Prompt:
Your answer must be the exact lines below, starting with the line with "Bajot - 1.5" and going on through the line with "Electronic Drum Set", both included, with no pictures.

Provided data:
▬▬▬

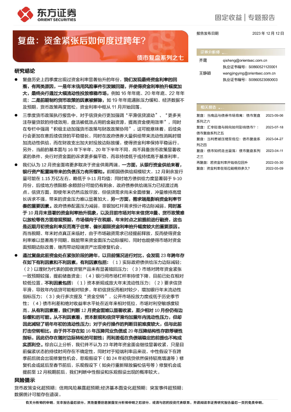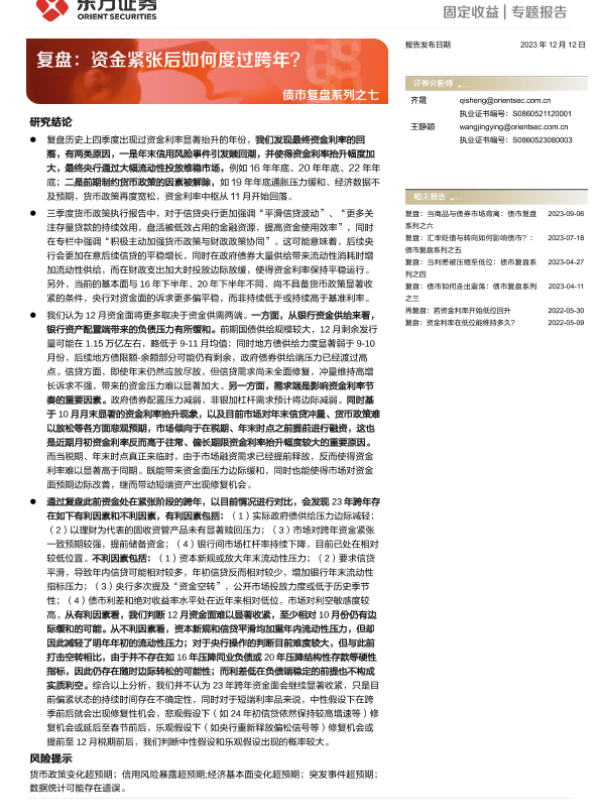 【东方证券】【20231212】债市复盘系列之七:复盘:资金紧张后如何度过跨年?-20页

▬▬▬

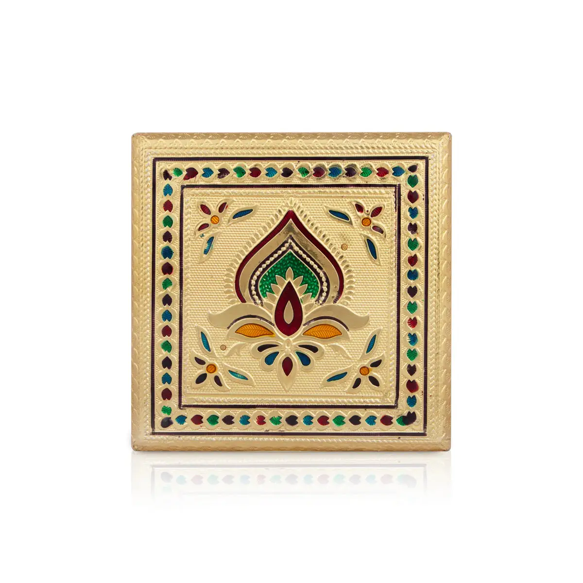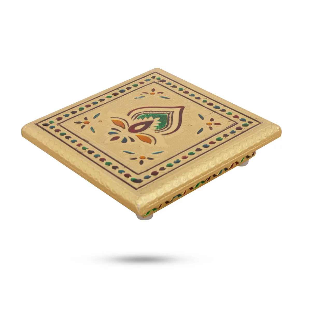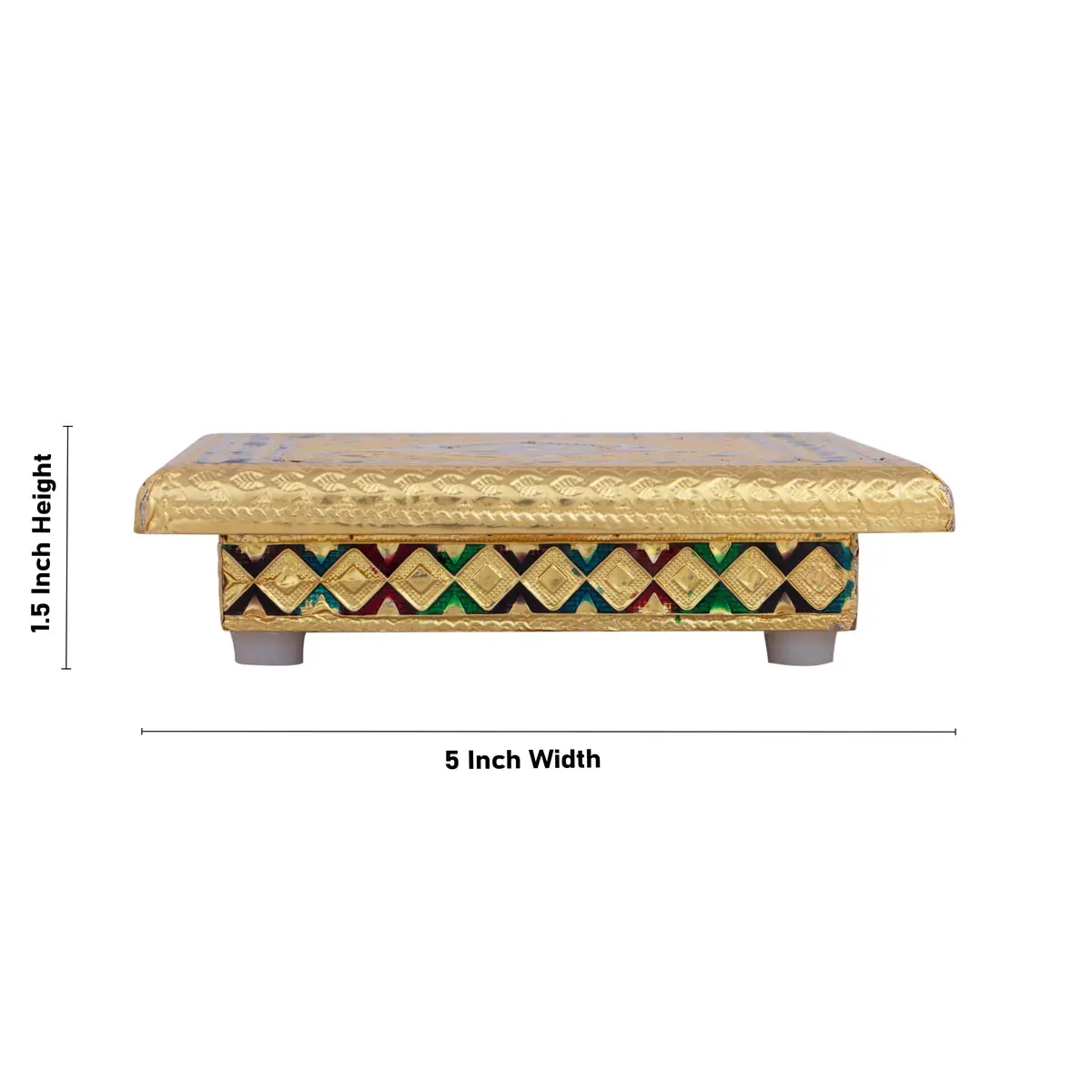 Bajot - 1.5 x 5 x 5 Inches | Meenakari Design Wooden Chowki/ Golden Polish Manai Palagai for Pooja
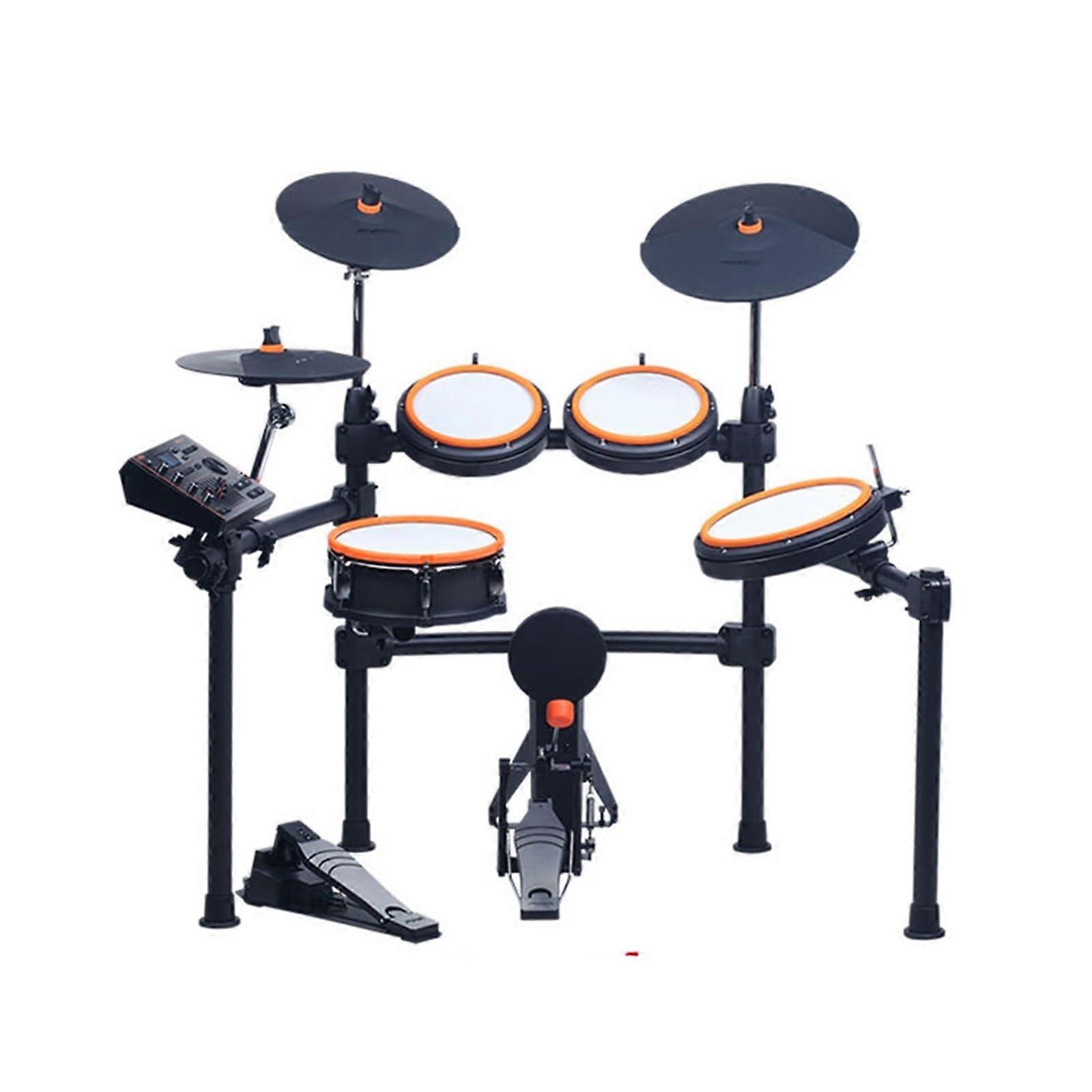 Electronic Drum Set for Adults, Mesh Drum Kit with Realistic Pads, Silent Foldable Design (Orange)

▬▬▬

Written response:
 Bajot - 1.5 x 5 x 5 Inches | Meenakari Design Wooden Chowki/ Golden Polish Manai Palagai for Pooja
 Electronic Drum Set for Adults, Mesh Drum Kit with Realistic Pads, Silent Foldable Design (Orange)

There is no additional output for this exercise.